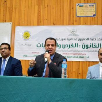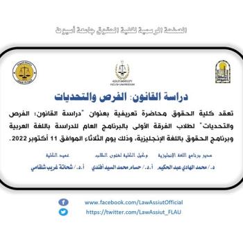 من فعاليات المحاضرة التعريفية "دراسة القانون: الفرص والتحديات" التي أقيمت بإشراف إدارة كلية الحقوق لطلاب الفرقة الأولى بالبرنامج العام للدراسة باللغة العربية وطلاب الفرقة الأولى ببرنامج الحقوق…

--- --- ---

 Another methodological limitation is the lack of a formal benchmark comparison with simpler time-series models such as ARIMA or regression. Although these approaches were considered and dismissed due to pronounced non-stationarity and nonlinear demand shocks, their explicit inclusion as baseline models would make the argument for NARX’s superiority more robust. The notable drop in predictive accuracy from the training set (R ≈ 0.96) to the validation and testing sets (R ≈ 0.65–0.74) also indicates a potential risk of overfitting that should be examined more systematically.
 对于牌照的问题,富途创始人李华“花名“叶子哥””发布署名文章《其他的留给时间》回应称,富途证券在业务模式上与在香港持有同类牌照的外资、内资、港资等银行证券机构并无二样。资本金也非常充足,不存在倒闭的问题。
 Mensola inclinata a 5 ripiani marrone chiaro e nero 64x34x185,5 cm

--- --- ---

- PROBLEM REQUIREMENTS -
Given the records above, restate word for word only the lines starting at the one with "对于牌照的问题,富途创始人李" and ending at the one with "Mensola inclinata a".

- RESULT OF THE TASK -
 对于牌照的问题,富途创始人李华“花名“叶子哥””发布署名文章《其他的留给时间》回应称,富途证券在业务模式上与在香港持有同类牌照的外资、内资、港资等银行证券机构并无二样。资本金也非常充足,不存在倒闭的问题。
 Mensola inclinata a 5 ripiani marrone chiaro e nero 64x34x185,5 cm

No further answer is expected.